Pada proses pemisahan dengan kromatografi lapis tipis, terjadi hubungan kesetimbangan antara fase
diam dan fasa gerak, dimana ada interaksi antara permukaan fase diam dengan gugus fungsi
senyawa organik yang akan diidentifikasi yang telah berinteraksi dengan fasa geraknya.
Kesetimbangan ini dipengaruhi oleh 3 faktor, yaitu : kepolaran fase diam, kepolaran fase gerak,
serta kepolaran dan ukuran molekul (Stahl, E. 1985)

III. ALAT DAN BAHAN

No Alat Bahan
1. Beaker glass Serbuk daun sambiloto
2. Kain Flanel Aquadest
3. Gelas ukur Kloroform
4. Lap Metanol
5. Corong FeCl3
6. Sendok tanduk
7. Batang pengaduk
8. Pipa Kapiler
9. UV 254
10. Kertas saring
11. Aluminium foil

IV. CARA KERJA

1, Sebanyak 250 gram serbuk daun sambiloto dimasukkan kedalam beaker glass.

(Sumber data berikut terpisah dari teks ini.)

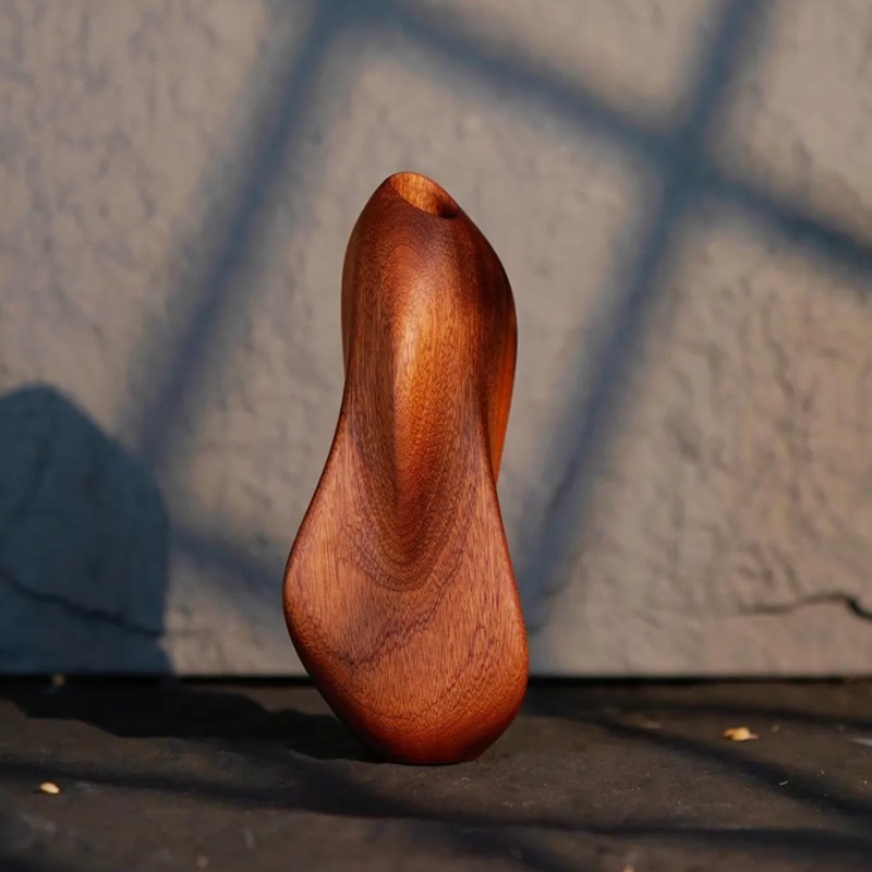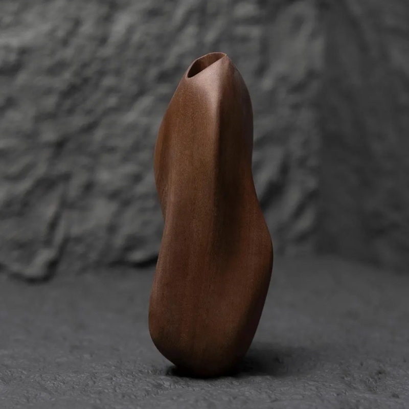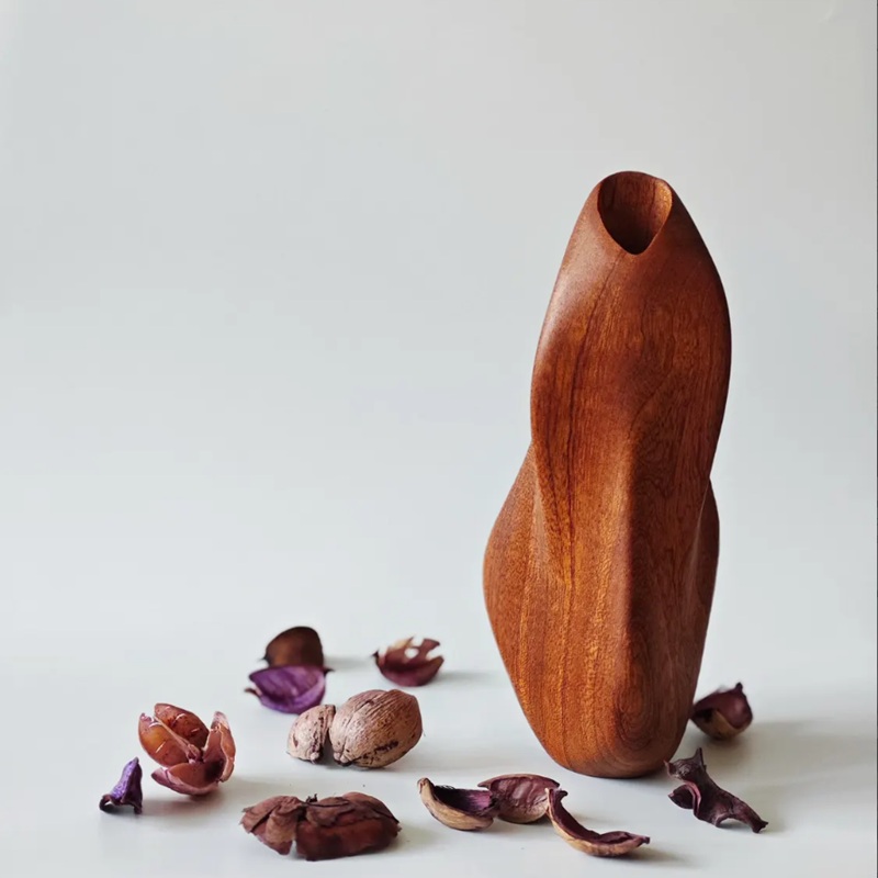El jarrón de madera está elaborado con madera de nogal rojo, mostrando una textura natural, mientras que parte del jarrón adopta un acabado de pintura negra para crear un efecto de contraste de color, infundiendo vitalidad natural y atmósfera artística al espacio.

2. Maserasi dilakukan dengan cara merendam serbuk simplisia dalam 750ml


3.Kemudian didiamkan selama 24 jam sambil sesekali dilakukan pengadukann


4. Maserasi yang diperoleh kemudian disaring dengan menggunakan kain flanel


5.Dievaporasi dengan menggunakan rotary evaporatore (suhu 40-500C, tekanan 1 atm) untuk
memperoleh ekstrak kental

Pemeriksaan Parameter Ekstrak


a. Organoleptis Ekstrak

1. Disiapkan Ekstrak yang diperoleh


2.Diamati dan dideskripsikan mengenai bentuk, warna, bau, dan rasa dari ekstrak tersebut

3.Dicatat hasil pengamatan di lembar kerja


b. Rendemen Ekstrak

1.Disiapkan untuk ekstrak yang diperoleh


2.Dihitung rendemen ekstrak tersebut dengan menggunakan rumus


Rendemen(%) = berat ekstrak total / berat simplisia x 100

c. Pola Kromatografi Lapis Tipis

Larutan uji dibuat dengan melarutkan ekstrak sebanyak 100 mg kemudian ditambahkan
methanol 5ml.

Pelat silika gel disiapkan dengan ukuran tertentu.

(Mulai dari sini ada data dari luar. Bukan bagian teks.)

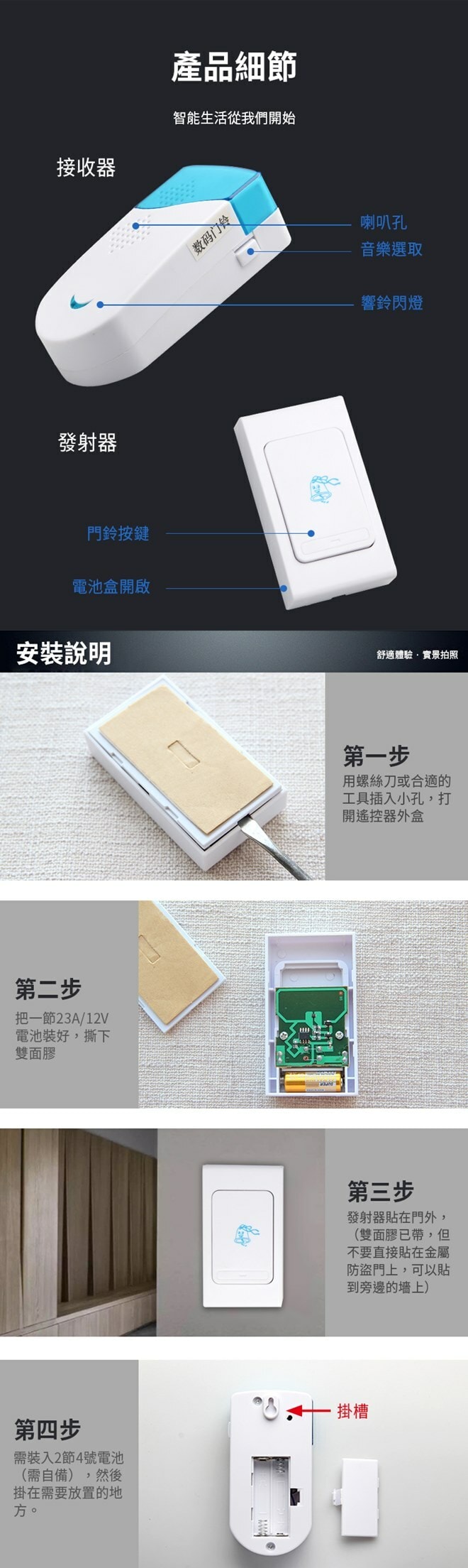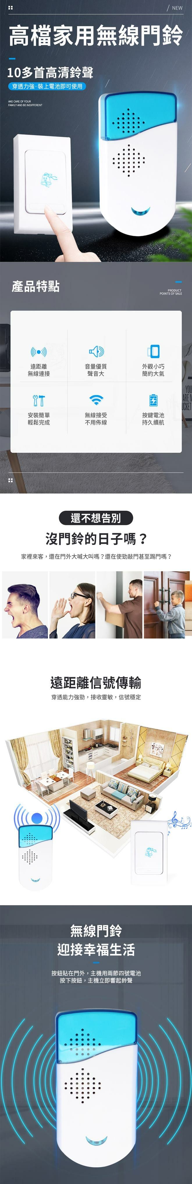 多首音樂門鈴可切換,穿透力強,信號接收靈敏
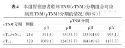 本组胃癌患者临床TNM(cTNM)分期组合对应病理TNM(pTNM)分期的情况[例(%)]
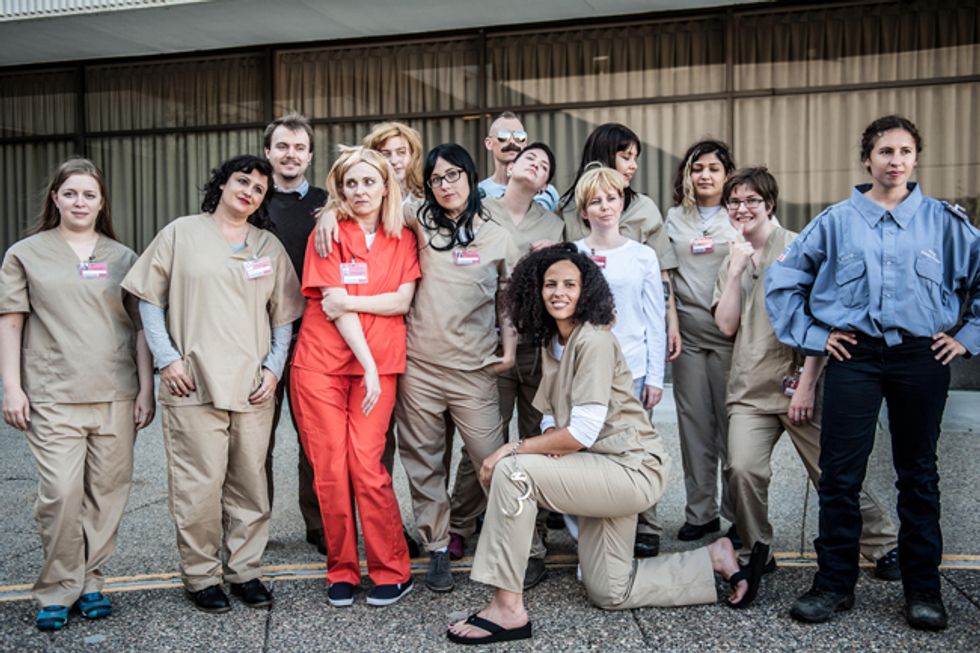 Make even the dingiest prison uniform look cute with this costume idea. Even if you can't get the exact characters, just having a group of your friends together in the same beige outfit and red ID tag will have you instantly recognized.

Sebelum dilakukan penotolan fase diam harus diaktifkan dengan cara dipanaskan terlebih
dahulu dalam oven pada suhu 1100 C selama 15 menit.

Selanjutnya larutan uji dan pembanding ditotolkan pada garis awal dengan menggunakan pipa
kapiler, biarkan beberapa saat hingga pelarutnya menguap.

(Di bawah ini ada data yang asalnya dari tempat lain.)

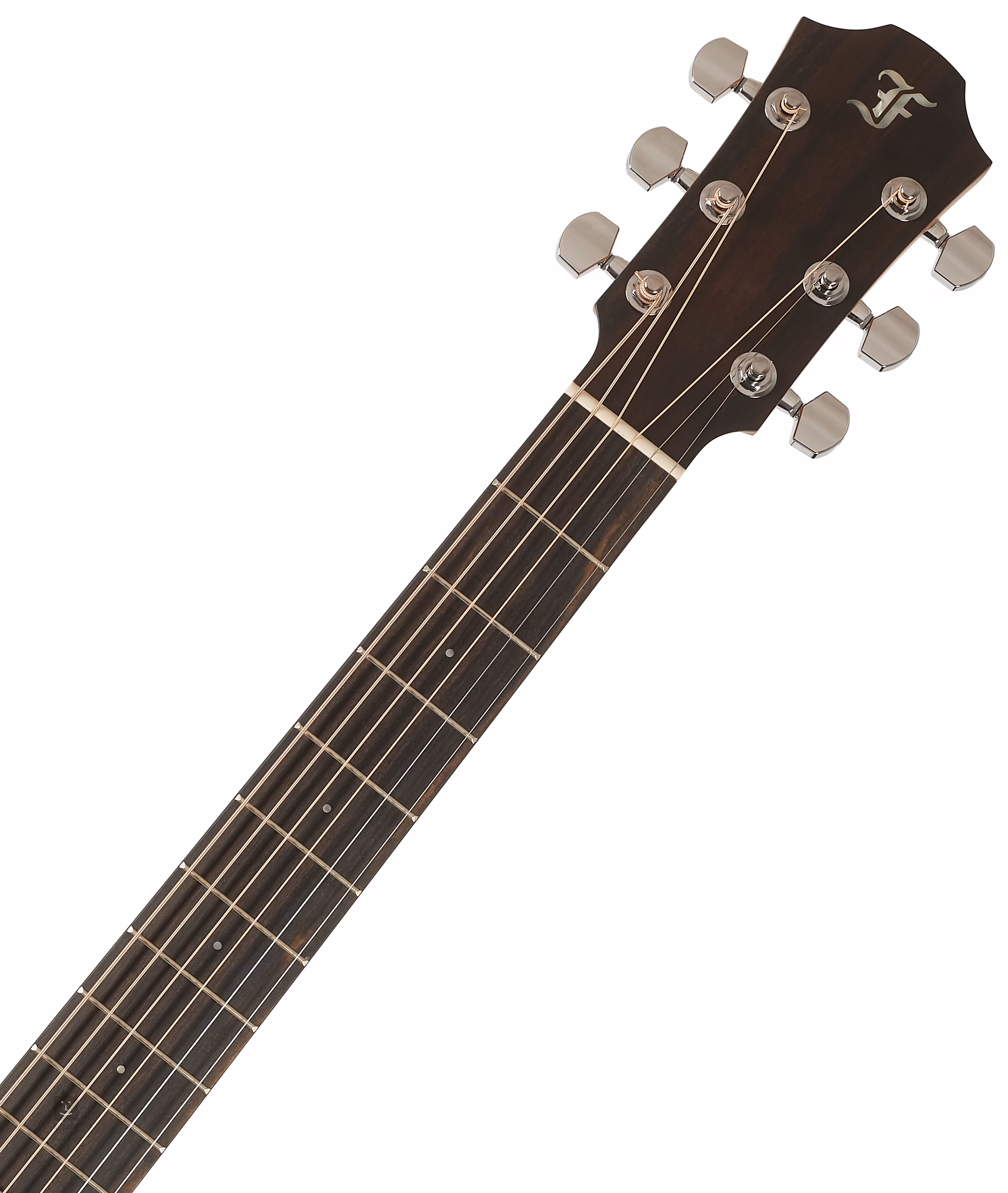 Orientáciu na ebenovom hmatníku uľahčujú predné a bočné perleťové bodové značky. Priehľadný pickguard necháva vyniknúť prirodzenú kresbu dreva, pričom neovplyvňuje rezonanciu rezonančnej dosky. Presné a stabilné ladenie zaručujú pochrómované firemné mechaniky s prevodovým pomerom 1:18. Nádherné spracovanie podčiarkuje imitácia korytnačieho panciera s piatimi vrstvami čiernych a bielych kontrastných línií a rozeta pozostávajúca z dvojitého prstenca s orechovou intarziou.
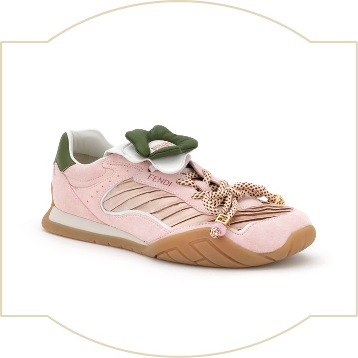 プリーツを施したピンクサテンとスエードの切り替えが躍動感を演出。立体的な花の装飾を配した取り外し可能なシュータンや、“FF”ロゴモチーフとビーズが揺れる装飾的なシューレースが、フェミニンかつエッジィな魅力を放つ。グリーンのレザーが映えるヒールカラーなど、随所にちりばめられたカラフルなディテールも遊び心にあふれている。

Plat silika kemudian dimasukkan dalam bejana kromatografi yang sebelumnya telah dijenuhkan
dengan cairan pengembang.

Proses komatografi dihentikan sampai cairan pengembang sampai ke garis depan.


Amati pola kromatografi di bawah lampu UV 254 nm dan 366 nm dan hitung nilai Rf setiap
bercak yang teramati.
Rf = Jarak yang ditempuh senyawa/ Jarak yang ditempuh fase gerak.